The Tinder Swindler


Since our romance fraud post last year, this heart-breaking crime has been trending within the media and is prevalent worldwide.  Following on from our post on 11th November last year, and after I watched The Tinder Swindler on Netflix last weekend, I wanted to post more tips on how to avoid a romance scammer like the Tinder Swindler.

Fortunately, there are several steps you can take to avoid people like ‘Simon Leviev’ who is said to have used Tinder to steal $10 million (£7.4 million). You should always be cautious of people you’ve just met online.  Here are five tips on how to avoid getting scammed by a romance con artist.

Don’t be pressured into sending money

As Simon Leviev has shown, scammers are adept at spinning elaborate yet believable stories to convince you that sending them money is not only OK but that it’s a great idea.  The same goes for requests to receive money into your account for them. This is a very peculiar thing to ask of someone, no matter how well you know them, and can be a sign that something dodgy is going on.

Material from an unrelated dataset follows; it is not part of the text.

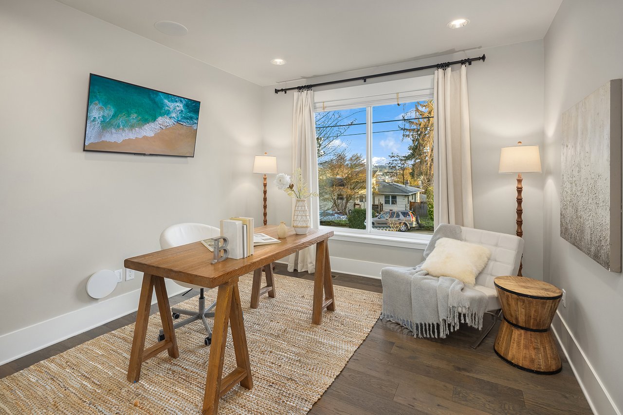 Discover effortless modern living in Kirkland’s highly sought-after Norkirk neighborhood. The main level thoughtfully blends style and function, anchored by a chef’s kitchen with high-end appliances, oversized island and butler’s pantry. Multiple dining spaces and an inviting living room with a sleek gas fireplace open effortlessly to the outdoors, creating a natural indoor-outdoor flow. Step outside to your own private retreat designed for year-round entertaining - complete with a wood-fired pizza oven, covered grilling area, composite deck, low maintenance turf, and a custom gas fire pit - perfect for long summer nights and memorable evenings with friends. Upstairs, the elegant primary suite offers a peaceful escape with a private balcony and sparkling views of Lake Washington, accompanied by three additional ensuite bedrooms. The lower level is designed for flexibility, offering expansive space for a media room, gym, play area, or guest suite. A detached 510 SF ADU with private entry adds versatility for guests, multi-generational living or rental income. Smart wiring, integrated speakers, hardwood floors, new carpet and fresh updates enhance both comfort & convenience. All just moments from Kirkland’s vibrant downtown, waterfront, parks, and top-rated schools - this is elevated Northwest living at its finest.

Don’t share personal details too soon

When you’re speaking to someone on a dating app, it can be easy to feel like you’ve known the person for much longer than you have.  You wouldn’t give private information like bank details to a stranger on the street so you should avoid giving away personal data to people you meet online.  Avoid giving away things like your full date of birth and home address.  One victim of the Tinder Swindler gave away her mother’s phone number and she ended up being harassed.

Take your time

The Tinder Swindler was asking women to travel with him after meeting once.  It’s safer to get to know someone at a slower pace so you can try and work them out.  If they seem to fall for you hard and fast, then this could be another sign that it is likely to be a scam.  Perhaps saying they’ve “never felt like this before”, give you a pet name early on, or discuss your life together married and with children, despite never meeting or only meeting a handful of times.

Reverse image search their pictures

Online romance scammers often use fake profile pictures to lure you in.  You should carry out a reverse image search on Google to check the validity of a picture.  On Google Chrome you can right-click on an image and select “Search image with Google Lens”.  This should show you where the image has appeared on the internet before.

Keep your conversations to the dating site

A scammer may quickly try and encourage you to move your conversation to an encrypted messaging service.  A lot of dating sites keep records of messages exchanged which could help you prove you’ve been scammed.  Whether you suspect someone may be a scammer or not, keeping your conversation within the dating site’s chat facilities, at least initially, is a good idea.